CONNECTIONS BETWEEN HYDROTHERMAL SYSTEM GEOCHEMISTRY AND MICROBIOLOGY: TRAVERSING TECTONIC BOUNDARIES IN THE SOUTH-CENTRAL PERUVIAN ANDES

Hot springs in continental arcs exhibit varied geochemistry reflecting tectono-magmatic influences, fluid-rock interaction, and inputs from deeply-derived volatiles. Although it is known that these factors create diverse niches for chemotrophic microbial life, little data exists from continental arcs, especially distal to active volcanoes. The Peruvian Andes are ideal to explore such relationships as there are abundant hot spring locations that span multiple geologic and tectonic settings. We report new water, gas, and microbiology data from 14 thermal springs along a transect from flat-slab to steep-slab subduction in southern Peru. A diverse range of water and gas geochemical results form the foundation for characterizing the controls on the composition of bacterial and archaeal 16S rRNA gene assemblages. Springs are slightly acidic (pH 5.3 to 6.8), 17–81 °C, and have HCO₃^- and Cl^- from 69–1,751 mg/L and 81–30,000 mg/L, respectively.
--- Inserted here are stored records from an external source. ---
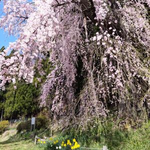 枝垂れ桜 (樹齢250年) 数年前に大雪で、連れ合いを奪われた桜•••「夫婦枝垂れ桜」が見事に復活していました。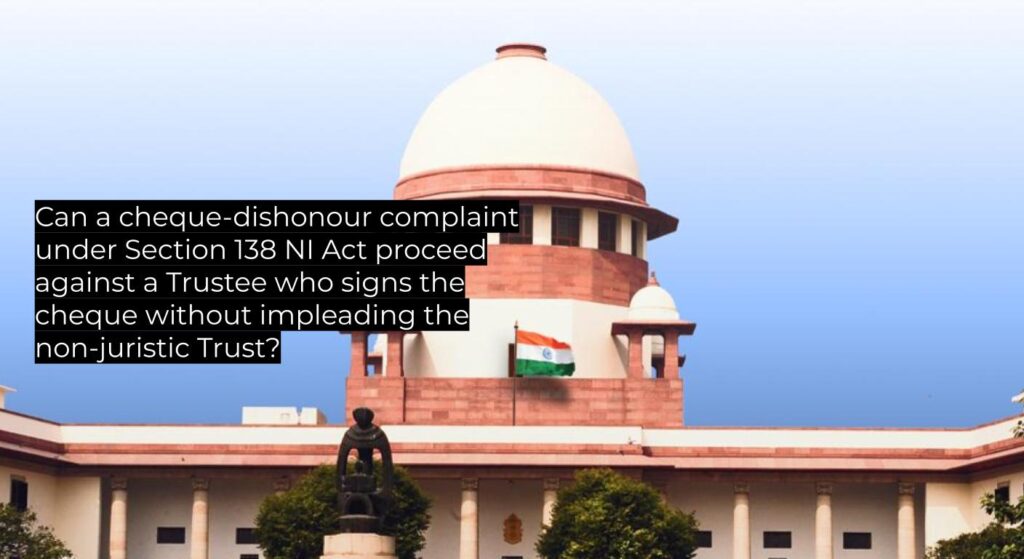 Can a cheque-dishonour complaint under Section 138 NI Act proceed against a Trustee who signs the cheque without impleading the non-juristic Trust?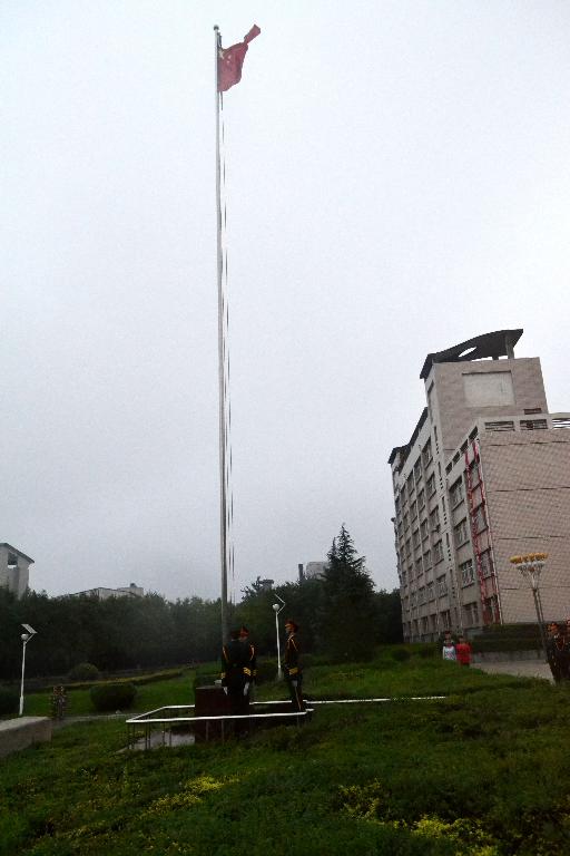 916日清晨6点半,机械学院、建工学院师生齐聚临潼校区中心广场,举行“践行社会主义核心价值观”主题升国旗仪式。受近期阴雨天气影响,由机械学院、建工学院联合举行本学期首次升国旗仪式。机械学院分团委书记杨建涛、建工学院分团委书记汪洋以及两个学院的分团委学生会主要学生干部、2014级新生参加了本次升国旗仪式。
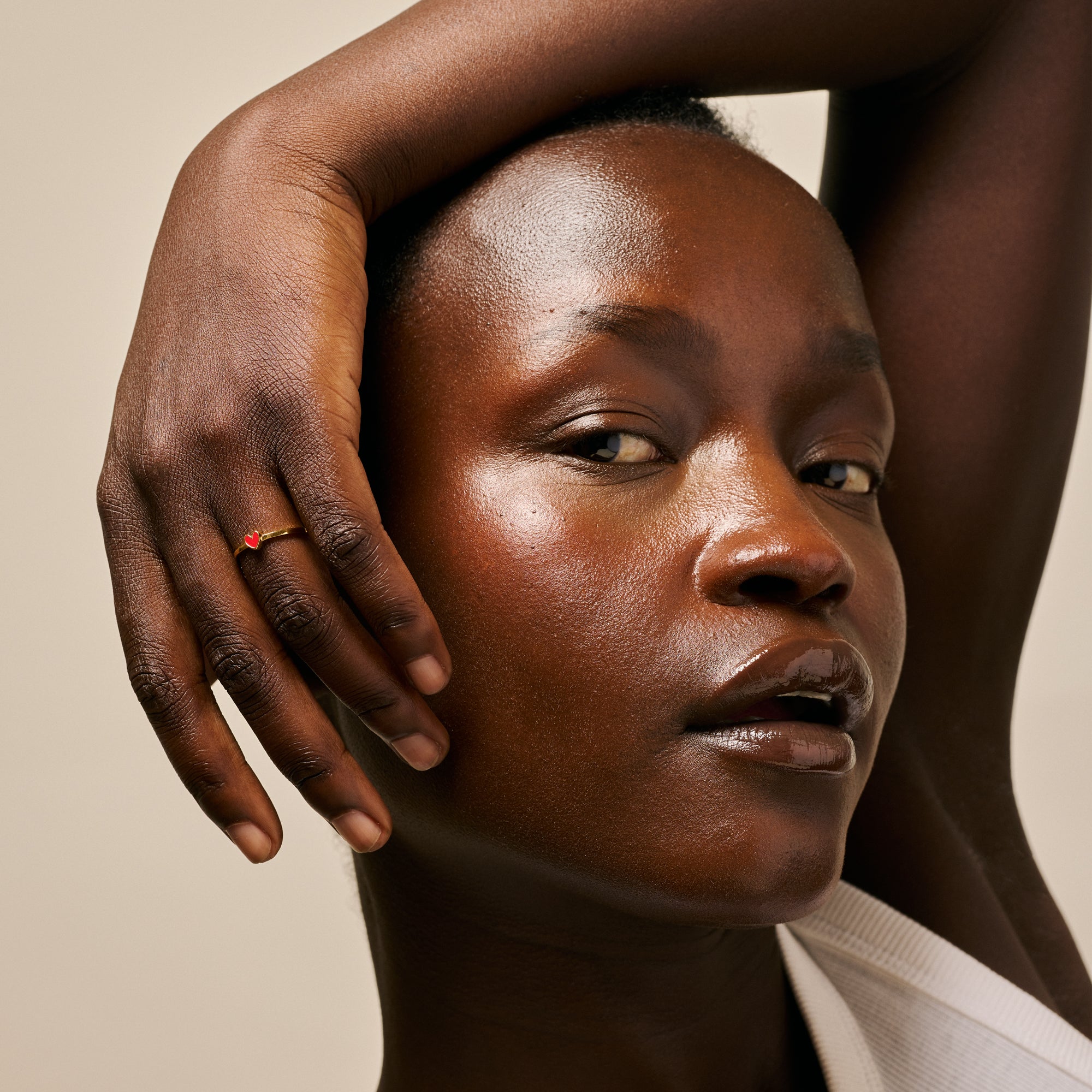 Om smykket: Amore ringen i rød, har kærlighedens varme farve, og understreger på den måde ringens betyding ekstra godt. Obs: Vær opmærksom på IKKE at bære vores emalje styles i bad, når du sover, og for tæt på parfumer og cremer, da emaljen kan ændre farve og struktur.

Additionally, springs contain redox sensitive constituents such as ferrous iron (0.54–28 mg/L), arsenic (0.01–23 mg/L), dissolved O₂ (0.1–8 mg/L), CH₄ (0.5–6 mg/L), and H₂ (75–3837 nM). Gibbs Free Energy calculations for representative redox reactions indicate conditions favorable for chemotrophic microbial metabolism. Our results show the presence of known thermophiles and other chemolithotrophs. Microbial communities are diverse with 11 bacteria phyla (including 25 bacterial classes) and two archaea phyla. Proteobacteria phyla are in 13 springs, including two springs that contain Zetaproteobacteria. Novel microbes, <97% ID match to previously characterized strains, are present in all springs. Three distinct geochemical groups are identified through Principle Component Analysis (PCA), and nonmetric multidimensional scaling (NMDS) is used to compare microbial community between springs. Based on these statistical treatments, relationships emerge between spring geochemistry, microbial community composition, and geologic setting. For example, in the back-arc of the Altiplano, springs with correlated temperature, H₂, CH₄, As, and CO₂ have similar microbial community compositions. These contrast to springs located above the flat slab, suggesting that transitions in tectonic setting may also influence the interplay of geochemistry and geomicrobiology.